(Data records)

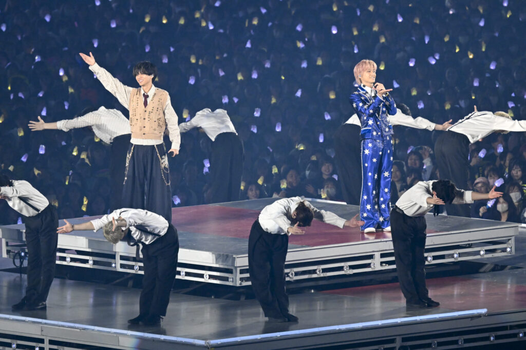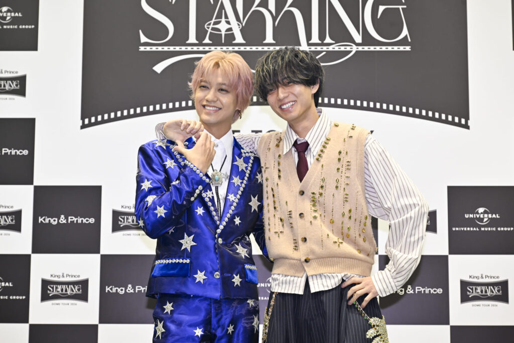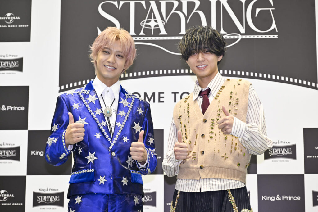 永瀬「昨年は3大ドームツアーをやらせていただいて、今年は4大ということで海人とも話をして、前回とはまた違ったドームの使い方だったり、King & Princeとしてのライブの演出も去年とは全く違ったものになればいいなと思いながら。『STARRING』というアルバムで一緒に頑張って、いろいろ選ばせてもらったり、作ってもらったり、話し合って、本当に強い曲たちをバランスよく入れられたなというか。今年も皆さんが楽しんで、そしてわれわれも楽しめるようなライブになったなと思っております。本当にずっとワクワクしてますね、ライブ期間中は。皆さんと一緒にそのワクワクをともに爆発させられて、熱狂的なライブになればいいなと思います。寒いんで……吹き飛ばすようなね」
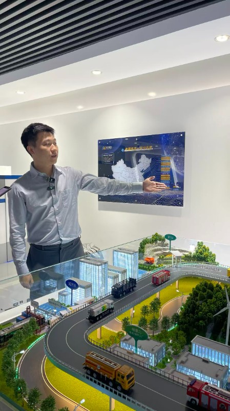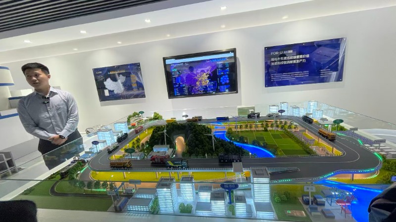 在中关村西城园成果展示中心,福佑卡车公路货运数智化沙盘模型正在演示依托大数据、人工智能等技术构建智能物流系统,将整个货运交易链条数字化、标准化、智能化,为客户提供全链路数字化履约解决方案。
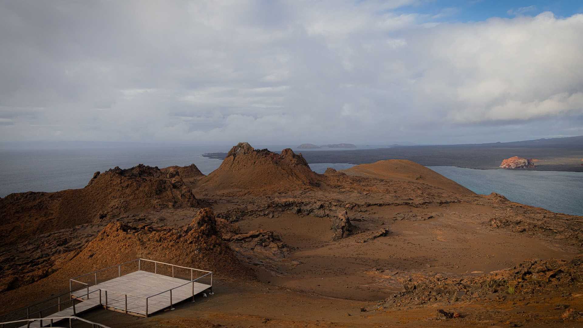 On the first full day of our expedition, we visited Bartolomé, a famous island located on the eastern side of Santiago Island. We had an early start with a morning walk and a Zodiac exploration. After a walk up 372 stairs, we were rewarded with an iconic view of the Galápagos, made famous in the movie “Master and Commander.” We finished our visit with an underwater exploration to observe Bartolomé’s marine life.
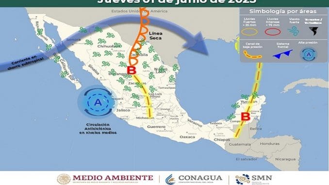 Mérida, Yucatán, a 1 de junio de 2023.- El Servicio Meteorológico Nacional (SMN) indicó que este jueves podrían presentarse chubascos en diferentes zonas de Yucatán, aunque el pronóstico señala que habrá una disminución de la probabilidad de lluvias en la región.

(End Data records)
(Data records)

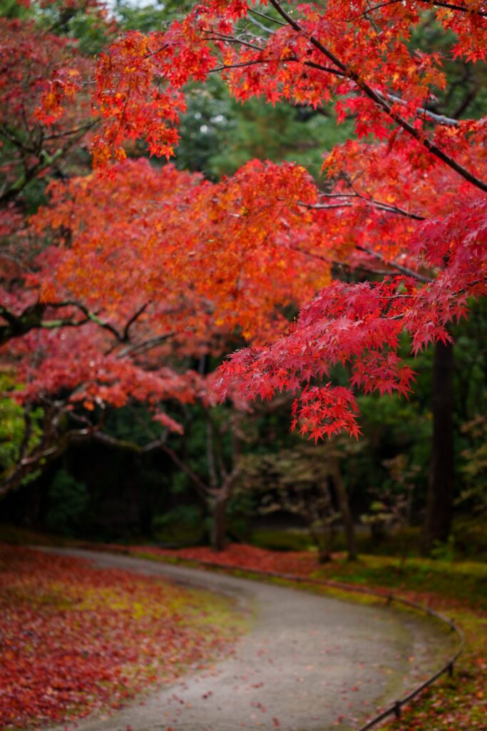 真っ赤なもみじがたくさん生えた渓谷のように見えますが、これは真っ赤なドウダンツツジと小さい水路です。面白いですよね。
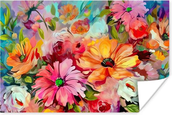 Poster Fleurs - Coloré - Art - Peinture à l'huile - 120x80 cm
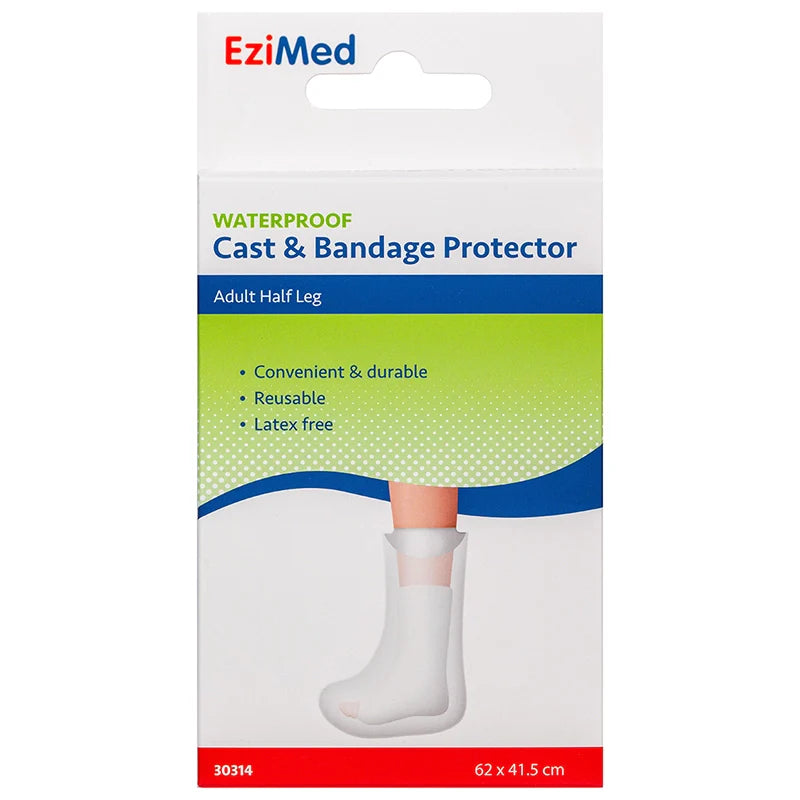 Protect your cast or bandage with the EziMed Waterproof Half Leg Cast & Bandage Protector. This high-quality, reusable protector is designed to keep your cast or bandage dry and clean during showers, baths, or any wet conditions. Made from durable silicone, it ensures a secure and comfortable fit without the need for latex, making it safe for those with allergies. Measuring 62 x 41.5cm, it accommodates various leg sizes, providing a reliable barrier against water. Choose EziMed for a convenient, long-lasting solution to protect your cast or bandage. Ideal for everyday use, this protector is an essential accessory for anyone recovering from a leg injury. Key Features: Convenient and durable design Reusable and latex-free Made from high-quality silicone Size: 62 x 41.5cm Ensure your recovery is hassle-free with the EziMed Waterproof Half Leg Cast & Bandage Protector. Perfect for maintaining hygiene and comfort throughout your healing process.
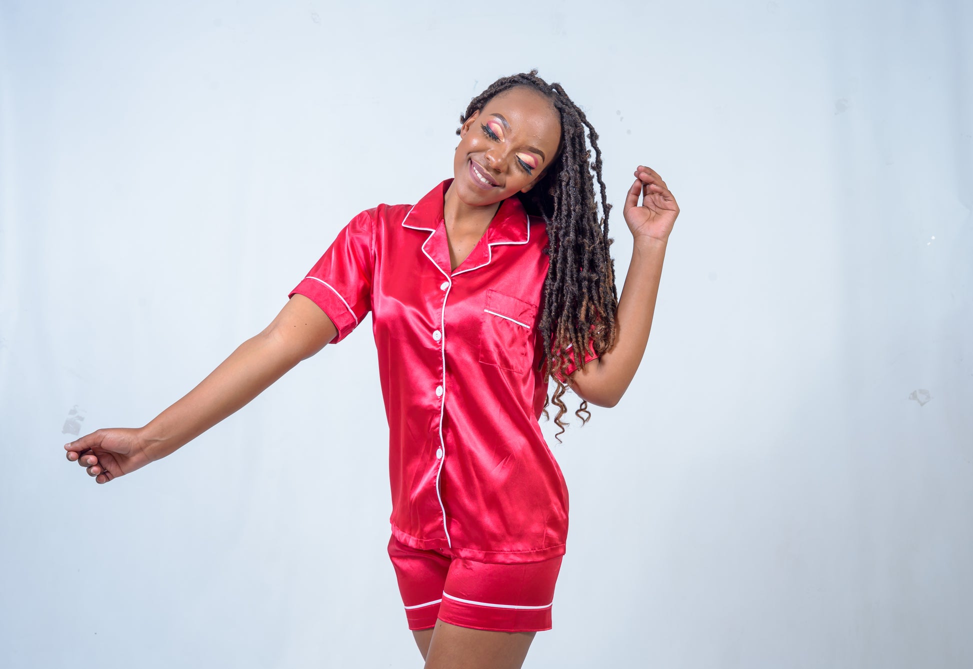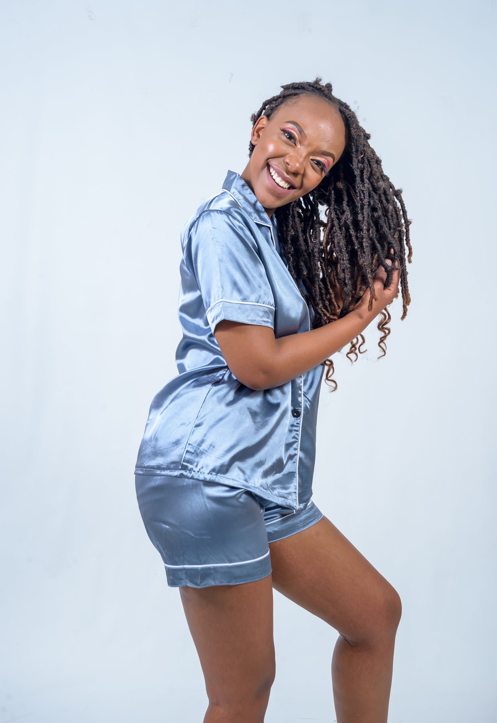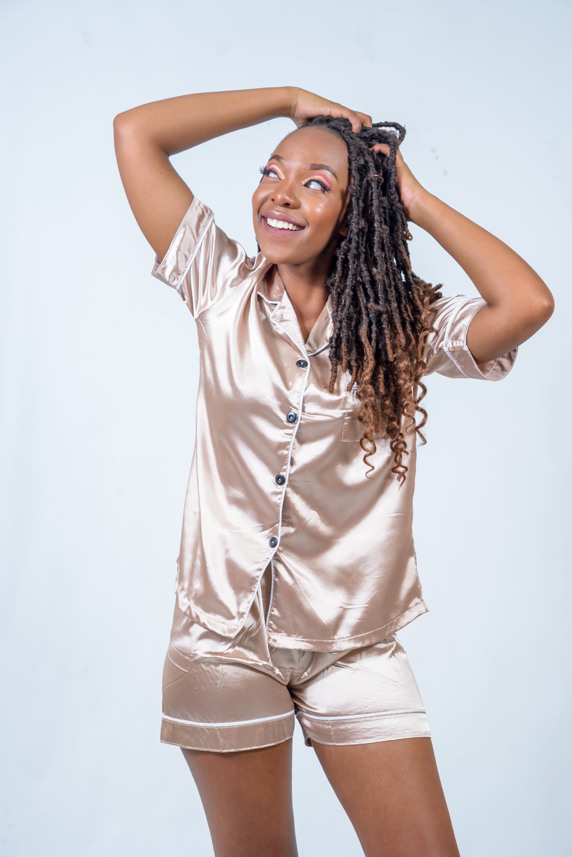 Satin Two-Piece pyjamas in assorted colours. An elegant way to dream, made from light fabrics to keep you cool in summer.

(End Data records)

_Exercise directions:_ Repeat the lines above exactly, beginning with the one containing "Poster Fleurs - Coloré" and finishing with the one containing "Satin Two-Piece pyjamas". No pictures belong in the copy.

_Result for this exercise:_
 Poster Fleurs - Coloré - Art - Peinture à l'huile - 120x80 cm
 Protect your cast or bandage with the EziMed Waterproof Half Leg Cast & Bandage Protector. This high-quality, reusable protector is designed to keep your cast or bandage dry and clean during showers, baths, or any wet conditions. Made from durable silicone, it ensures a secure and comfortable fit without the need for latex, making it safe for those with allergies. Measuring 62 x 41.5cm, it accommodates various leg sizes, providing a reliable barrier against water. Choose EziMed for a convenient, long-lasting solution to protect your cast or bandage. Ideal for everyday use, this protector is an essential accessory for anyone recovering from a leg injury. Key Features: Convenient and durable design Reusable and latex-free Made from high-quality silicone Size: 62 x 41.5cm Ensure your recovery is hassle-free with the EziMed Waterproof Half Leg Cast & Bandage Protector. Perfect for maintaining hygiene and comfort throughout your healing process.
 Satin Two-Piece pyjamas in assorted colours. An elegant way to dream, made from light fabrics to keep you cool in summer.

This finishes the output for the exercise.